Exercise data:
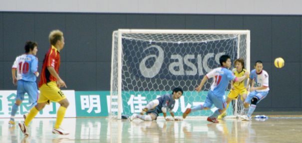 この試合、前半7分辻良樹のゴールで先制すると13分水上、18分嵯峨祐太、さらに19分には期待の新人、18歳の室田祐希が初ゴールを決めるなど主導権をにぎった。前半を4−1と終えたエスポラーダは後半、途中からパワープレーに切り替えたペスカドーラの追撃を1点に抑え、逆に水上のハットトリックなどで突き放した。
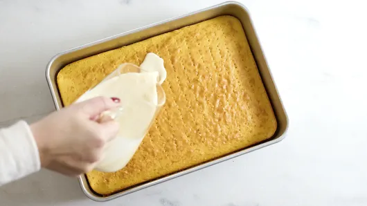 In a large bowl, stir together the Tres Leches ingredients until blended. Carefully pour evenly over top of cake, working back and forth to fill the holes. Refrigerate for about 2 hours or until chilled.
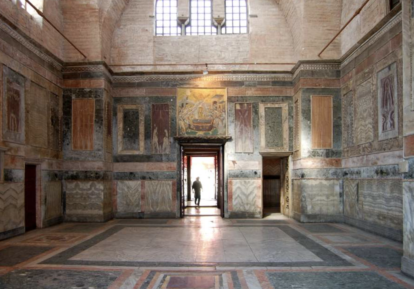 東ローマ帝国の首都であるコンスタンチノープル(現イスタンブール)のアヤソフィアにも、多くの同様な装飾が施されており、中世には教会の装飾として貴重な大理石が争奪の対象となりました。例えば、ビザンティン帝国を征服したヴェネツィア人たちは金と同様に大理石を奪い、幾度もの大規模な修復工事を経て、アヤソフィアから奪取された大理石がヴェネツィアのサン・マルコ大聖堂(Basilica di San Marco)を飾っています。イスタンブールに残った大理石も、ほとんどがトルコ人によって保護され、今もモスクと宮殿を飾っています。また、ドイツのカール大帝はアーヘンのパラタイン礼拝堂に紋章を捧げるためにローマから大理石を奪取しました。そして17世紀には、イタリア人自身も遺跡に残された大理石を使用してバロック様式の教会の壮大な内部を飾ったとされています。

Problem to solve: Please reproduce all the material exactly. Pictures stay out of the copy.

Answer for this exercise:
 この試合、前半7分辻良樹のゴールで先制すると13分水上、18分嵯峨祐太、さらに19分には期待の新人、18歳の室田祐希が初ゴールを決めるなど主導権をにぎった。前半を4−1と終えたエスポラーダは後半、途中からパワープレーに切り替えたペスカドーラの追撃を1点に抑え、逆に水上のハットトリックなどで突き放した。
 In a large bowl, stir together the Tres Leches ingredients until blended. Carefully pour evenly over top of cake, working back and forth to fill the holes. Refrigerate for about 2 hours or until chilled.
 東ローマ帝国の首都であるコンスタンチノープル(現イスタンブール)のアヤソフィアにも、多くの同様な装飾が施されており、中世には教会の装飾として貴重な大理石が争奪の対象となりました。例えば、ビザンティン帝国を征服したヴェネツィア人たちは金と同様に大理石を奪い、幾度もの大規模な修復工事を経て、アヤソフィアから奪取された大理石がヴェネツィアのサン・マルコ大聖堂(Basilica di San Marco)を飾っています。イスタンブールに残った大理石も、ほとんどがトルコ人によって保護され、今もモスクと宮殿を飾っています。また、ドイツのカール大帝はアーヘンのパラタイン礼拝堂に紋章を捧げるためにローマから大理石を奪取しました。そして17世紀には、イタリア人自身も遺跡に残された大理石を使用してバロック様式の教会の壮大な内部を飾ったとされています。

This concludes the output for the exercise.